#### INPUT DATA

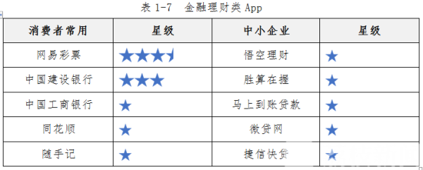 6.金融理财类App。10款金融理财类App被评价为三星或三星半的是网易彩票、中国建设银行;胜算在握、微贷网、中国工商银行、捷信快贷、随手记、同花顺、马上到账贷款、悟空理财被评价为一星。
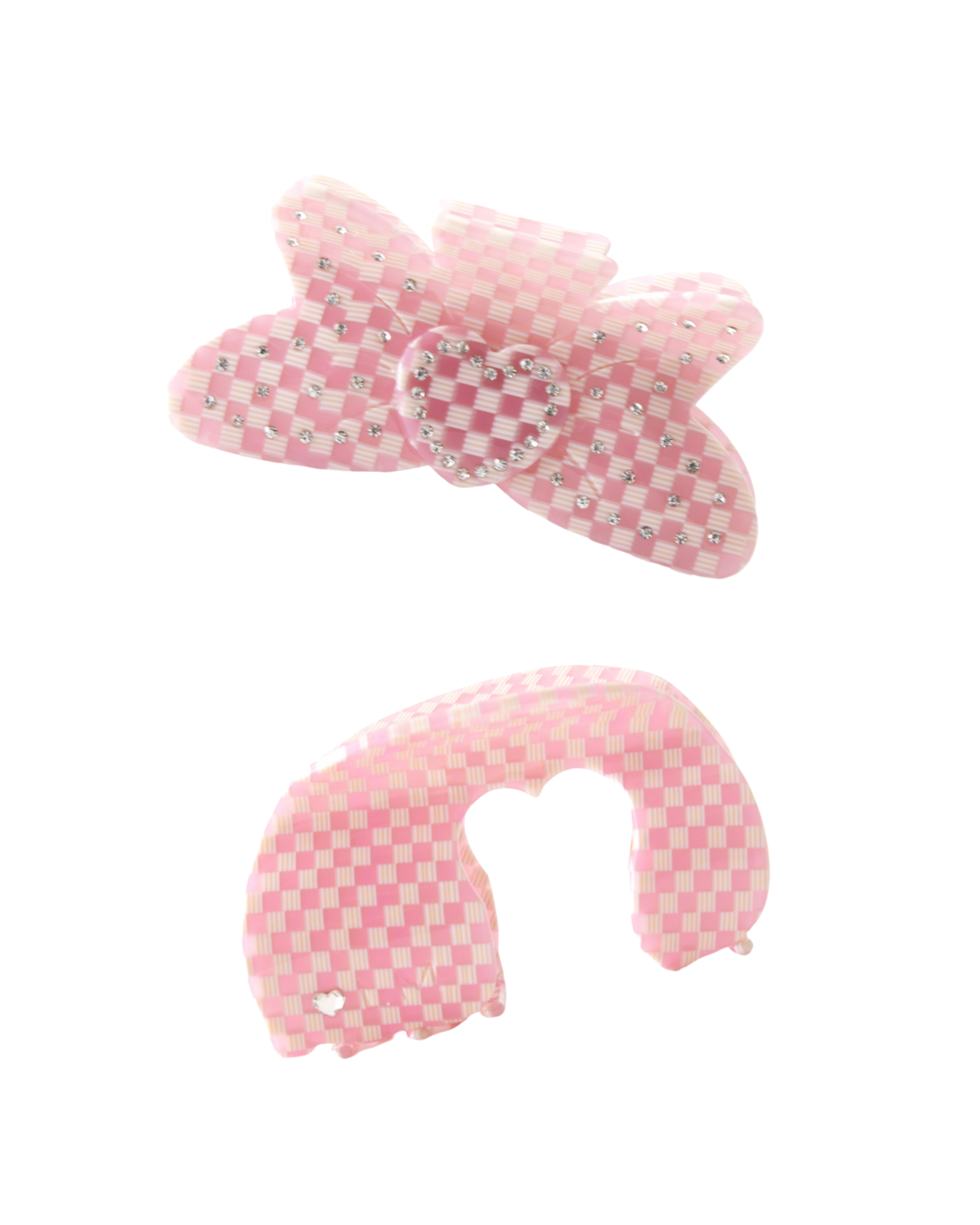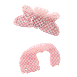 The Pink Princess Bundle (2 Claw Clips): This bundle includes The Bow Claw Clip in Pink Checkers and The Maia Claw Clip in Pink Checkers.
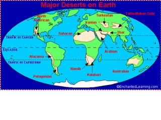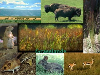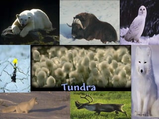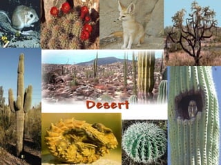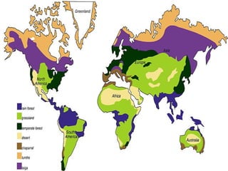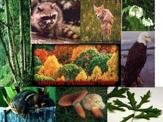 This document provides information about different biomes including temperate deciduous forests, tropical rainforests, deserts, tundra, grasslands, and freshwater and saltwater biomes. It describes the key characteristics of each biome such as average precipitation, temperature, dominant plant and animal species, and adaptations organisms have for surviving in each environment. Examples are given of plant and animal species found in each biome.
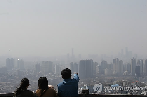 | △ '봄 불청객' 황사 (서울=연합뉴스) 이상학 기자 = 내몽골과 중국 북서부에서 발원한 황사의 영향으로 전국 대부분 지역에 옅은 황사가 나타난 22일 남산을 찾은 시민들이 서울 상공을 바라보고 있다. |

########

● WHAT THE TASK REQUIRES: Restrict the output to the lines from the one with "This document provides" through the last line of the material above. Print them exactly, leaving out every picture.

● RESPONSE AREA:
 This document provides information about different biomes including temperate deciduous forests, tropical rainforests, deserts, tundra, grasslands, and freshwater and saltwater biomes. It describes the key characteristics of each biome such as average precipitation, temperature, dominant plant and animal species, and adaptations organisms have for surviving in each environment. Examples are given of plant and animal species found in each biome.
 | △ '봄 불청객' 황사 (서울=연합뉴스) 이상학 기자 = 내몽골과 중국 북서부에서 발원한 황사의 영향으로 전국 대부분 지역에 옅은 황사가 나타난 22일 남산을 찾은 시민들이 서울 상공을 바라보고 있다. |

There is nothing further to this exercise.